热门标签 | HotTags
当前位置:  开发笔记 > 编程语言 > 正文

windows平台下在eclipse中配置Nutch1.2并调试

本文由守望者MS转载并整理注:全文分两部分,第一部分为英文配置方案,第二部分为中文配置方案。推荐按照英文的步骤去做,中文的少了cygwin的步骤,在以后的操作中会出现一点问题,解决方案会在另一

本文由守望者MS转载并整理

注:全文分两部分,第一部分为英文配置方案,第二部分为中文配置方案。推荐按照英文的步骤去做,中文的少了cygwin的步骤,在以后的操作中会出现

一点问题,解决方案会在另一篇文章中贴出来。

  • 第一部分

This is a work in progress. If you find errors or would like to improve this page, just create an account [UserPreferences ] and start editing this page :-)

 

Tested with

  • Nutch release 1.0
  • Eclipse 3.3 (Europa) and 3.4 (Ganymede)
  • Java 1.6
  • Ubuntu (should work on most platforms though)
  • Windows XP and Vista

 

Before you start

Setting up Nutch to run into Eclipse can be tricky, and most of the time it is much faster if you edit Nutch in Eclipse but run the scripts from the command line (my 2 cents). However, it's very useful to be able to debug Nutch in Eclipse. Sometimes examining the logs (logs/hadoop.log) is quicker to debug a problem.

 

Steps

 

For Windows Users

If you are running Windows (tested on Windows XP) you must first install cygwin. Download it fromhttp://www.cygwin.com/setup.exe

Install cygwin and set the PATH environment variable for it. You can set it from the Control Panel, System, Advanced Tab, Environment Variables and edit/add PATH.

Example PATH:

 

C:/Sun/SDK/bin;C:/cygwin/bin

If you run "bash" from the Windows command line (Start > Run... > cmd.exe) it should successfully run cygwin.

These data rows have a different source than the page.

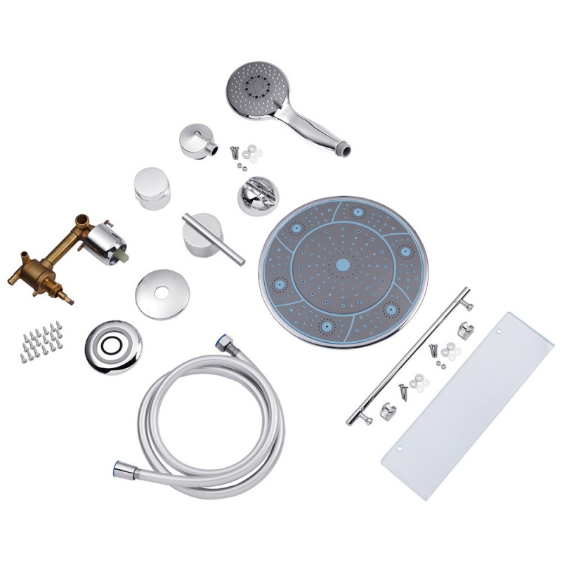 Душевой бокс Kroner KRP Armada - WD.C.T.F. 90x90 см - это идеальное решение для создания комфортного и современного душевого пространства в вашей ванной комнате. Бокс имеет размеры 90x90 см и форму четверти круга, что делает его идеальным вариантом для ванных комнат с ограниченным пространством. Конструкция дверей - раздвижная, материал - стекло. Двери имеют рифленую текстуру, что добавляет качественный стиль и обеспечивает конфиденциальность во время душа. Поддон имеет высоту 415 мм и изготовлен из высококачественного акрила, что делает его прочным и долговечным. Глубина поддона составляет 310 мм, что обеспечивает комфорт при принятии душа. В комплект душевого бокса входит большое количество необходимых элементов, таких как сифон, двери, ручки, ролики, профиль, крышка, задние стенки, душевая панель с гидромассажными форсунками, смеситель, лейка для ручного душа, лейка для верхнего душа, душевой шланг, кронштейн для ручного душа, шланговое подключение, ножки, комплект крепежных деталей и полка. Это обеспечивает полную функциональность и удобство использования. С душевым боксом Kroner KRP Armada - WD.C.T.F. 90x90 см, вы получаете стильное и функциональное пространство для вашего ежедневного приема душа, которое поможет вам расслабиться и обновиться.
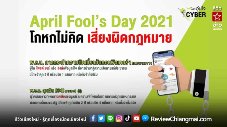 AIS อุ่นใจCyber ที่ให้ความสำคัญกับการส่งเสริมการใช้ออนไลน์อย่างถูกวิธี ในฐานะเพื่อนคู่คิดดิจิทัลของคนไทย จึงขอเป็นอีกหนึ่งพลังสำคัญร่วมเตือนคนไทยให้ใช้ออนไลน์อย่างมีสติ ไม่นำเข้าข้อมูลอันเป็นเท็จที่อาจจะก่อให้เกิดความเข้าใจผิด พร้อมกับเช็คข้อมูลให้ชัวร์ก่อนส่งต่อเสมอ โดยเฉพาะอย่างยิ่งในวันที่ 1 เมษายน เพราะไม่เช่นนั้นอาจเกิดความผิดฐานนำเข้าสู่ระบบคอมพิวเตอร์ซึ่งข้อมูลคอมพิวเตอร์อันเป็นเท็จ ตาม “พ.ร.บ.คอมพิวเตอร์ มาตรา 14 ปี 2560” ว่าด้วยการกระทำความผิดเกี่ยวกับคอมพิวเตอร์ฯ
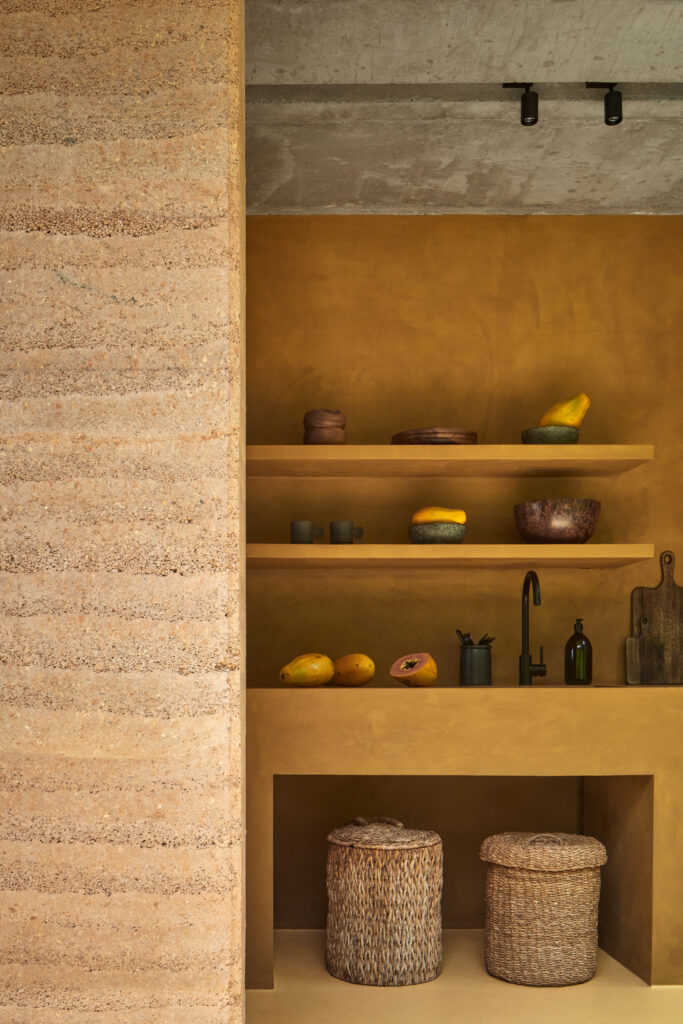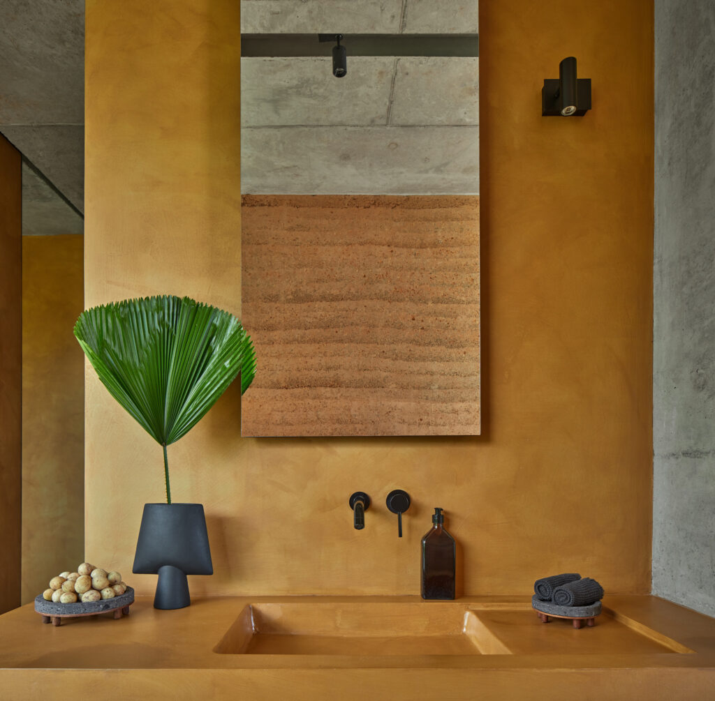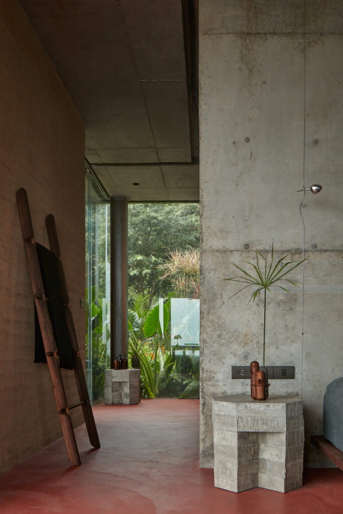 Vzájemné propojení materiálů a stavebně-architektonických prvků je jasnou pointou celého návrhu. Surovou hlínu a beton protínají přiznané ocelové profily podpírající monolitickou stropní desku, přičemž beton pokrytý výrazně probarvenou cementovou stěrkou tvoří také podlahovou plochu. Teplý prvek dodává prostoru kromě barev i na míru vyrobený nábytek z teaku a textilie ze stoprocentního lnu, zatímco některé interiérové prvky včetně solitérních nočních stolků jsou vylité z betonu a hrdě tak přiznávají inspiraci tvorbou belgického designéra Brama Vanderbekeho.
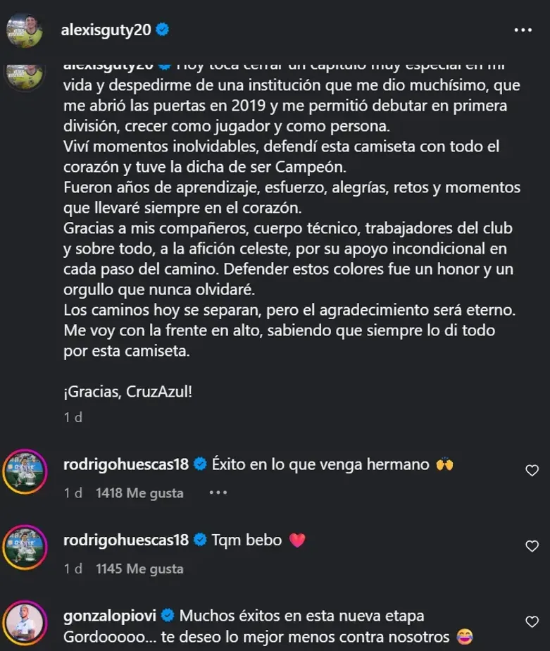 “Muchos éxitos en esta nueva etapa gordooooo…te deseo lo mejor menos antes nosotros“, exclamó el defensor central en las redes sociales jocosamente. Más arriba de dichas palabras se hizo presente Rodrigo Huescas, quien le deseó suerte en “todo lo que venga” en su carrera. De este modo se cierra un ciclo.
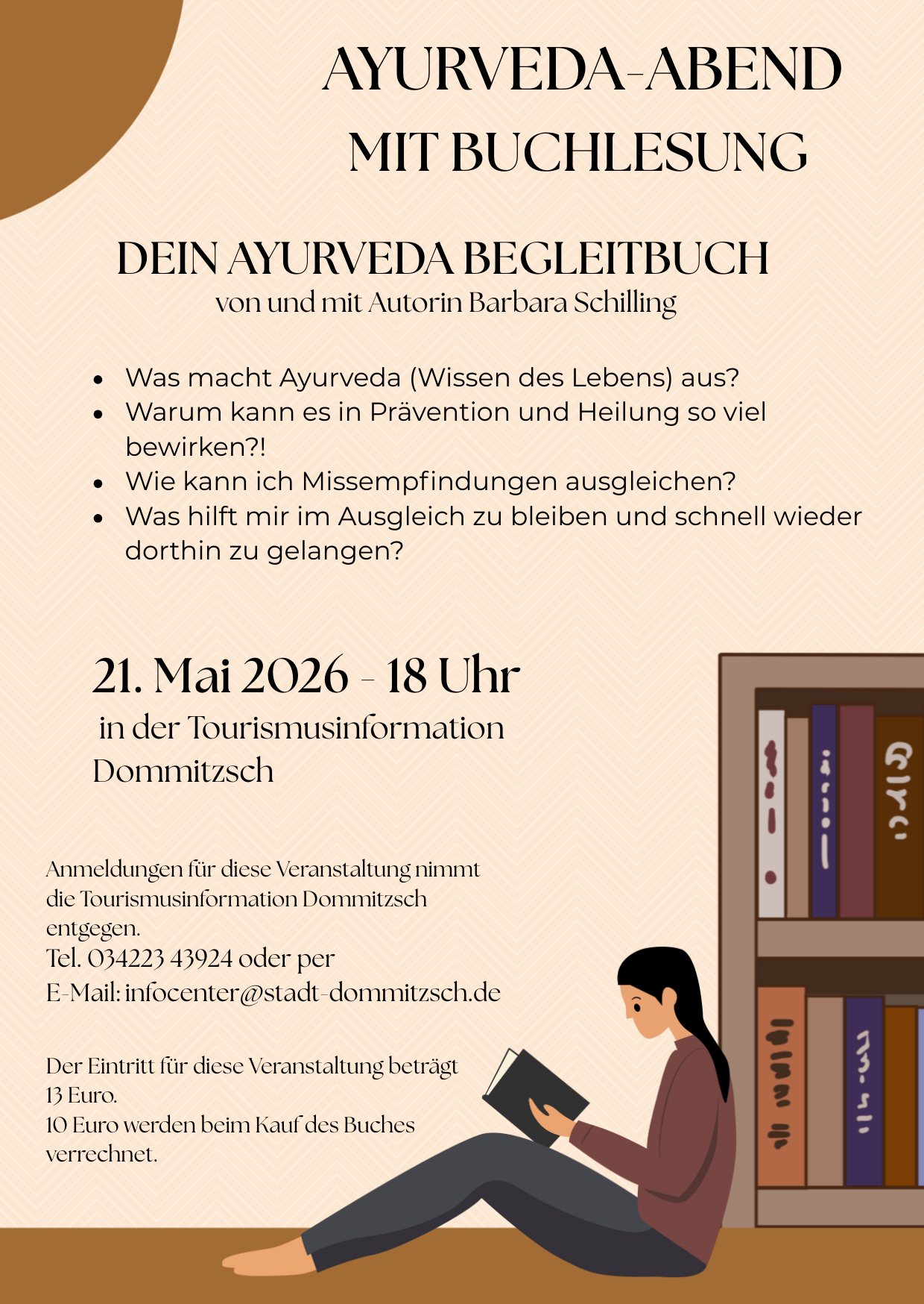 Barbara Schilling stellt am 21. Mai 2026 ab 18 Uhr ihr "Ayurveda Begleitbuch" in der Dommitzscher Tourismusinformation vor.
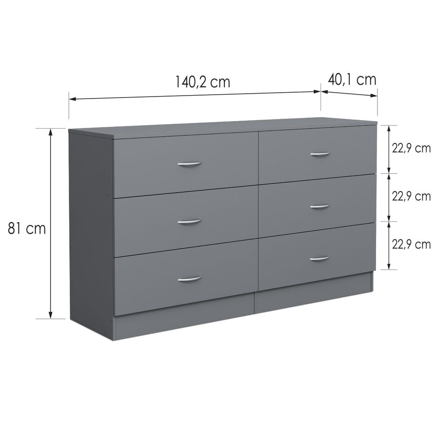 ARVELLO Grey Chest of Drawers - Extra Large-sized, 6 Drawers, Double
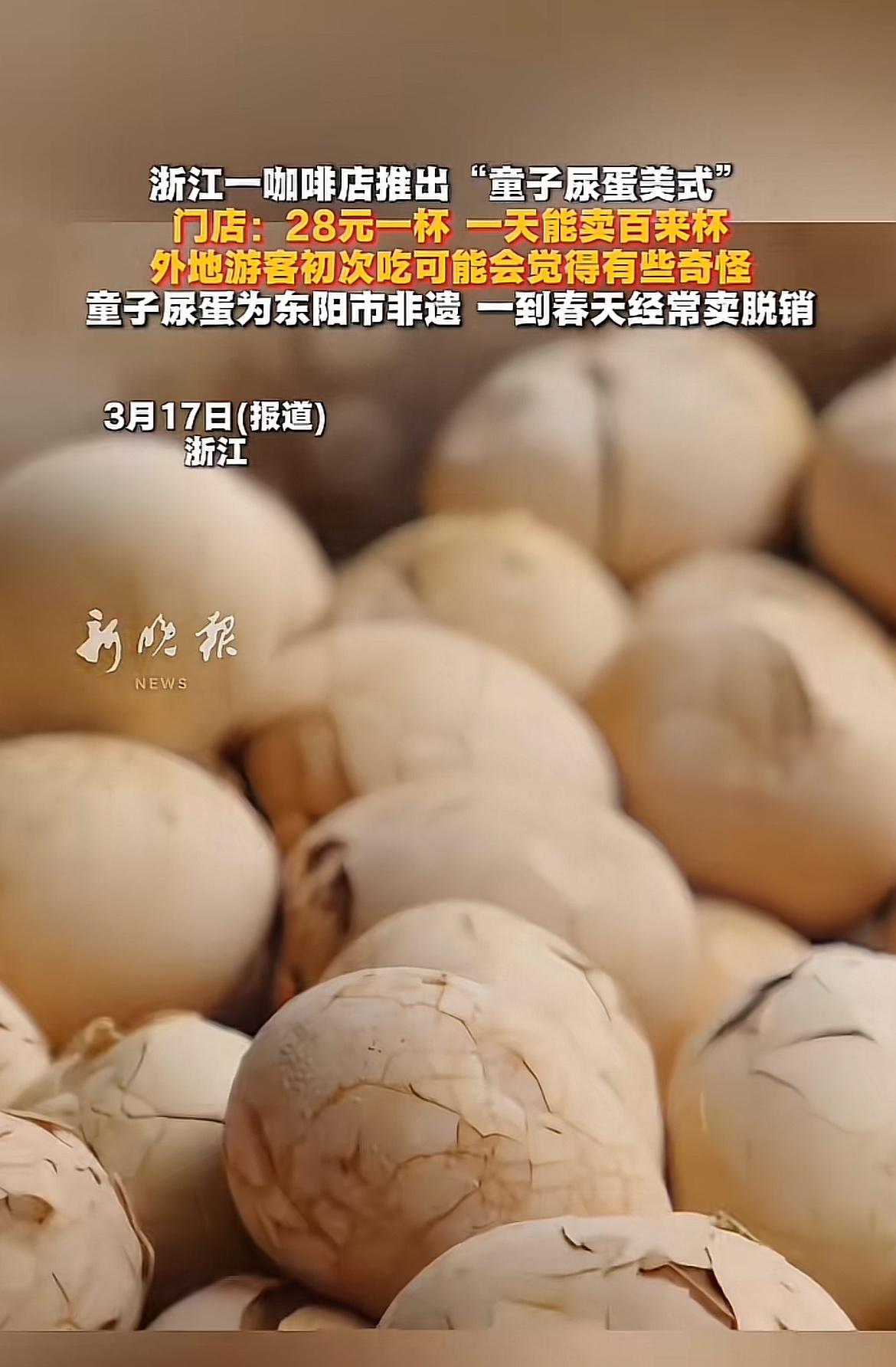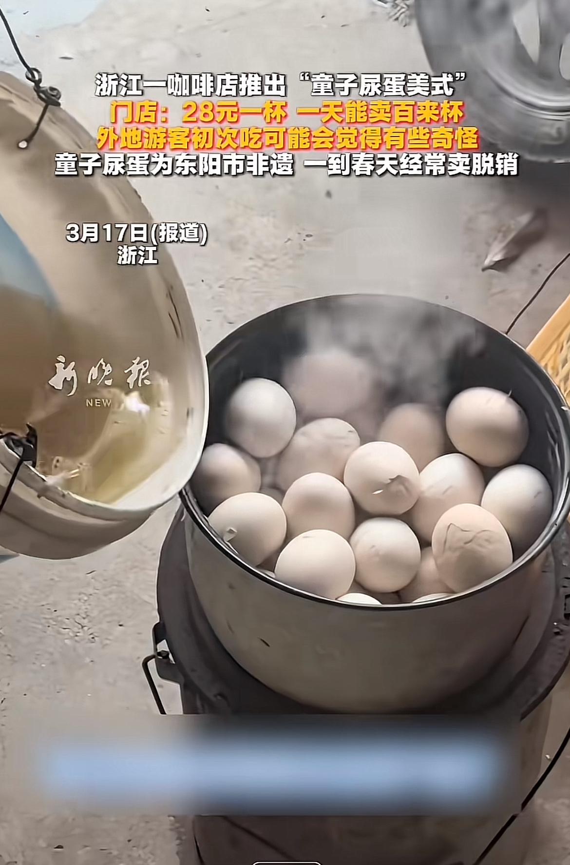 浙江东阳一家咖啡店把童子尿蛋和美式咖啡结合,推出“童子尿蛋美式”,28元一杯,一天能卖百来杯,还有外地人慕名来尝。童子尿蛋是用10岁以下男童小便煮的鸡蛋,是东阳非物质文化遗产,传统认为有滋阴降火等功效。 这童子尿蛋煮好后经炭火烘烤,表皮略焦,口感焦咸。有人会把蛋碾碎放咖啡里喝。此外,店里还有梅干菜芝士拿铁。有人觉得这是创新,有人觉得毁三观,有人为猎奇买单,有人为情怀买单。只能说萝卜青菜各有所爱,不理解可以尊重,不接受也别嘲讽。这28元一杯的“童子尿蛋咖啡”,你会去尝鲜吗?
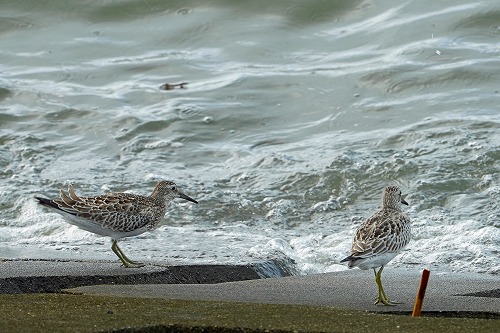 | 左は夏羽の名残りが見られる。 | 波が被らんばかりに。全長 26-28cm |
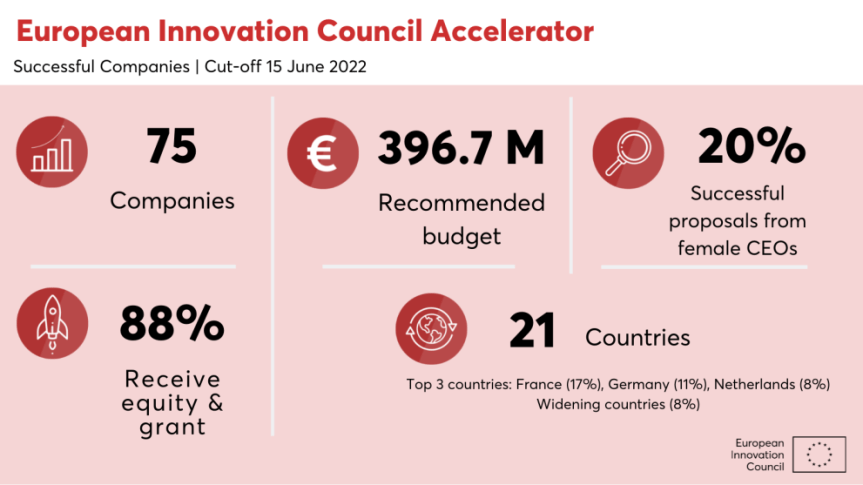 Európska komisia vybrala 75 inovatívnych startupov po druhej (júnovej) tohtoročnej uzávierke programu EIC Accelerator. Porota zložená zo skúsených investorov a podnikateľov vypočula 232 spoločností z celkového počtu viac ako 1 000 žiadostí. Spolu 75 vybraných spoločností získa finančné prostriedky vo výške takmer 400 miliónov EUR vo forme kombinácie grantov a kapitálových investícií.
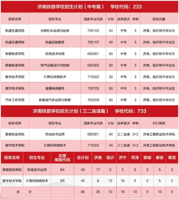 注:三二連讀計劃,前三年注冊濟南鐵路學校中專學籍,免學費;后兩年注冊濟南工程職業(yè)技術學院高職大專學籍,根據(jù)公辦院校收費標準收學費。五年全部在學校組織教學,第三年經(jīng)轉(zhuǎn)段考試合格方可注冊濟南工程職業(yè)技術學院學籍,修滿相應專業(yè)教學計劃規(guī)定的全部課程,成績合格,準予畢業(yè),頒發(fā)普通高等學校 全日制?飘厴I(yè)證書。
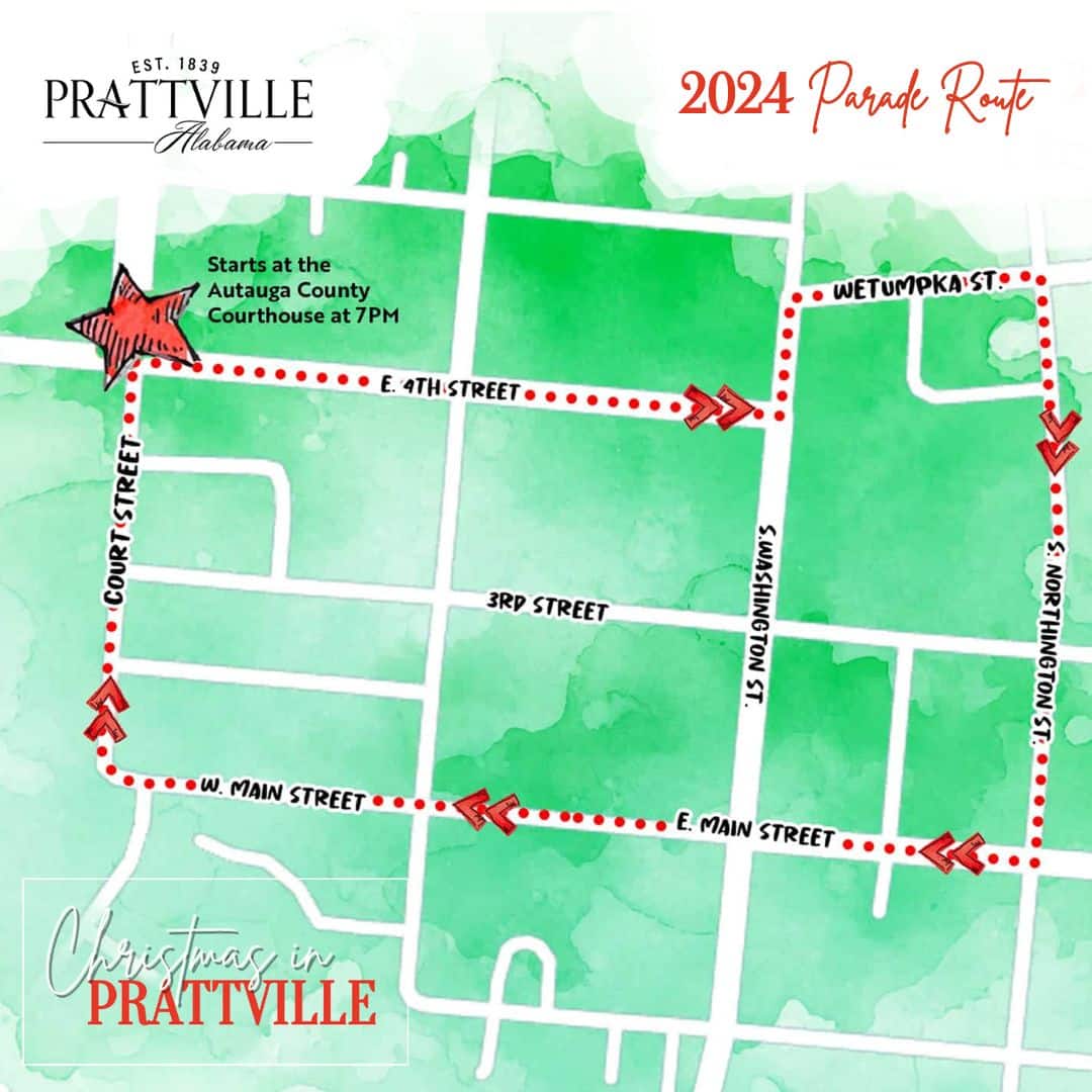 This year’s highly anticipated Christmas parade will begin at 7 P.M. on Friday, December 6. The parade starts at the Autauga County Courthouse and turn onto West 4th Street, then turn left onto Washington Street, and right onto Wetumpka Street. From Wetumpka Street it will turn right onto Northington Street and follow Northington until it reaches E. Main Street, then turn right on E. Main Street and go straight downtown until it ends at the courthouse. (View Parade Map)
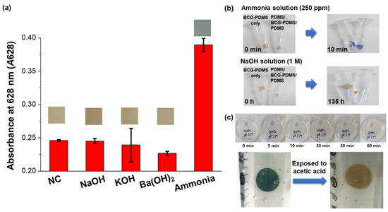 (a) Validation of the selectivity of the colorimetric sensor specific for gaseous ammonia. NC denotes negative control (no exposure to any chemicals). Insets show photographs of the sensors exposed to the indicated chemicals. (b) Optical images showing the changes in the colors of the BCG-PDMS film alone and the full PDMS/BCG-PDMS/PDMS sensor resulting from their immersions into ammonia and NaOH solutions. (c) Optical images showing the reversibility of the colorimetric sensor upon its exposure to the fume of acetic acid.
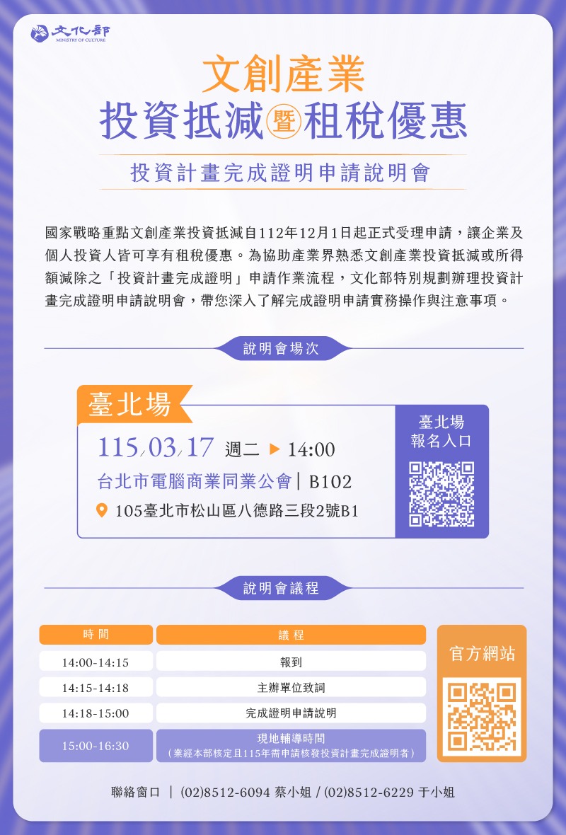 鑒於投資抵減租稅申請流程包含投資計畫審查及完成證明兩階段,為協助文化創意業者及投資者了解文創產業投資抵減或所得額減除之「投資計畫完成證明」申請作程,文化部特別規劃辦理投資計畫完成證明申請說明會,介紹投資計畫結案報告、申辦文件、作業流程與常見問題說明等相關資訊。

If you are running Eclipse on Vista, you will need to either give cygwin administrative privileges or turn off Vista's User Access Control (UAC) . Otherwise Hadoop will likely complain that it cannot change a directory permission when you later run the crawler:

 

org.apache.hadoop.util.Shell$ExitCodeException: chmod: changing permissions of ... Permission denied

See this for more information about the UAC issue.

 

Install Nutch

  • Grab a fresh release of Nutch 1.0 or download and untar the official 1.0 release .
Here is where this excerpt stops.